Pero esta división se fundamenta sobre supuestos írritos: lo exótico es un término relacional que depende siempre del lugar de la enunciación (lo que es exótico para uno, no lo es para otro, y viceversa); y algo puede considerarse primitivo sólo en comparación con otra cosa más evolucionada de la misma clase, por lo que en modo alguno se trata de un absoluto.
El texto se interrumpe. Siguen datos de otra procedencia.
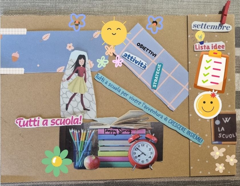 Questo è il taccuino di Poppy Spring dedicato al ritorno a scuola. L’ho realizzato con la tecnica dello scrapbooking, arte creativa e didattica utile per fissare ricordi, idee e obiettivi. Inoltre, è molto rilassante!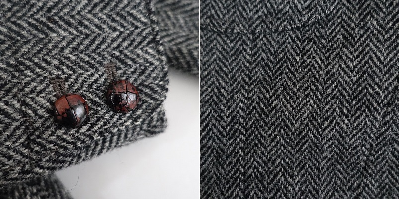 | 表地-毛100% 裏地-ポリエステル65%,綿35% 袖裏-ポリエステル100% 別布-綿100% |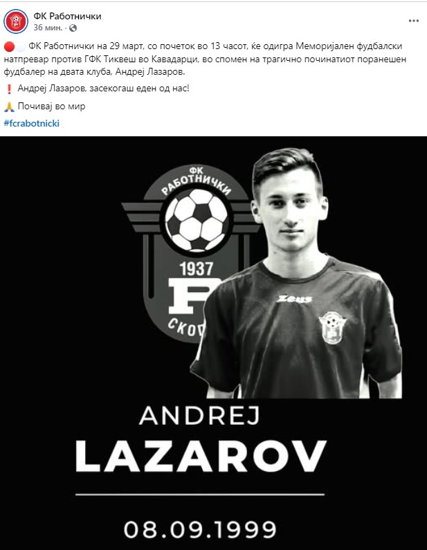 Лазаров во моментот на трагедијата беше член на Шкупи, но во кариерата исто така играше и за екипите на Тиквеш и Работнички кои сега одлучија да му оддадат посебна чест така што ќе одиграат пријателски натпревар.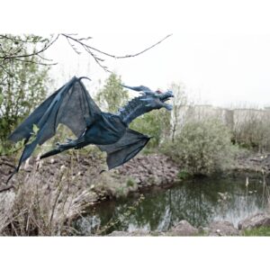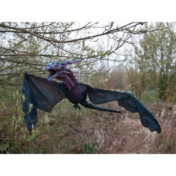 This dragon figure completes your decoration for a Halloween or theme party:The dragon is based on the well-known pictures from mythology and looks out for prey with its mouth wide open. He moves his head to the left and right in order to be able to see his surroundings better. His wings – with an impressive wingspan of up to 120 cm – move up and down. An eerie sound and red flashing LED eyes complete the animation. It is activated by an integrated microphone or wired manual control. Thin nylon cords serve as suspension.
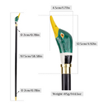 Elevate your style with this unique and elegant green duck head wooden walking stick. Crafted with a single, sturdy joint for enhanced durability, this 95cm (37.4 inch) cane is perfect for a variety of occasions. Whether you're completing a cosplay outfit (steampunk, historical reenactment, etc.), adding to your collection, or searching for a distinctive gift, this walking stick makes a statement.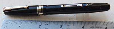 wart123: A very nice 552½ 9ct-gold line and dot over black hard rubber lever-filler in lovely condition; this is the clipless type with a broad-oblique softish No.2 nib; writes beautifully too. £425.00 SOLD |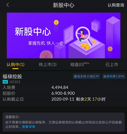 3. 现金打新0认购费:港股打新首选艾德,现金打新0元认购费;
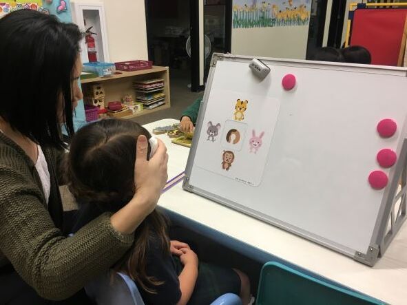 カリフォルニア州の日本人学校 Spring bridge 幼稚園で視力検査の練習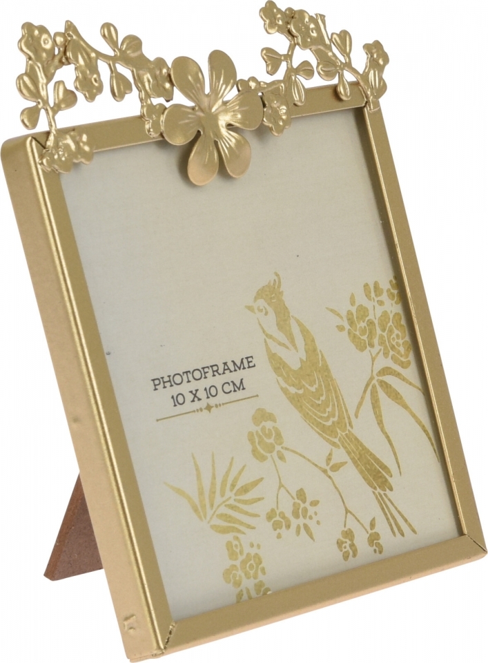 Kovový fotorámik zlatý s kvetmi 12x10x1 cm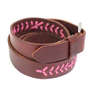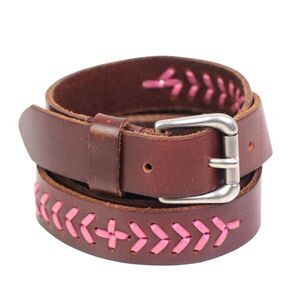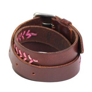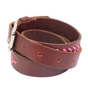 VTG AEO BROWN PINK GENUINE LEATHER 1"Wd CASUAL DRESS WOMEN'S BELT Sz L (F41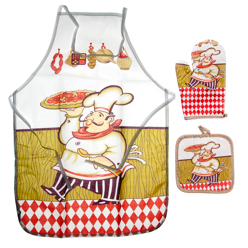 Набор состоит из нескольких предметов, которые нужны каждой хозяйке на кухне. Предметы в наборе изготовлены из качественных материалов, легко отстирываются.

A esto se suma que los límites de ambas disciplinas excluían de manera taxativa toda aquella música masiva, comercial y mediática, que durante el siglo XX se multiplicó de manera exponencial a través del registro sonoro, la industria del entretenimiento, los medios de comunicación audiovisual y las tecnologías, que además consumía y disfrutaba un porcentaje gigantesco de la población mundial, y no ya el cada vez más pequeño porcentaje amantes de la música clásica o los cultores-fruidores del folklore. Pocas voces sensatas se alzaron contra el evidente desaguisado de tal división disciplinaria, producto más de la carencia de teorías adecuadas para comprender el problema de fondo que de expresa mala voluntad. Samuel Claro Valdés(1998, 2) decía al respecto que “desde hace algunos años se perfila un acercamiento entre ambas tendencias, como lo anunciara ya en 1935 Charles Seeger, al decir que ‘cualquier distinción entre musicología histórica versus musicología comparada – o etnomusicología, como se le denomina actualmente- debe considerarse ficticia’.”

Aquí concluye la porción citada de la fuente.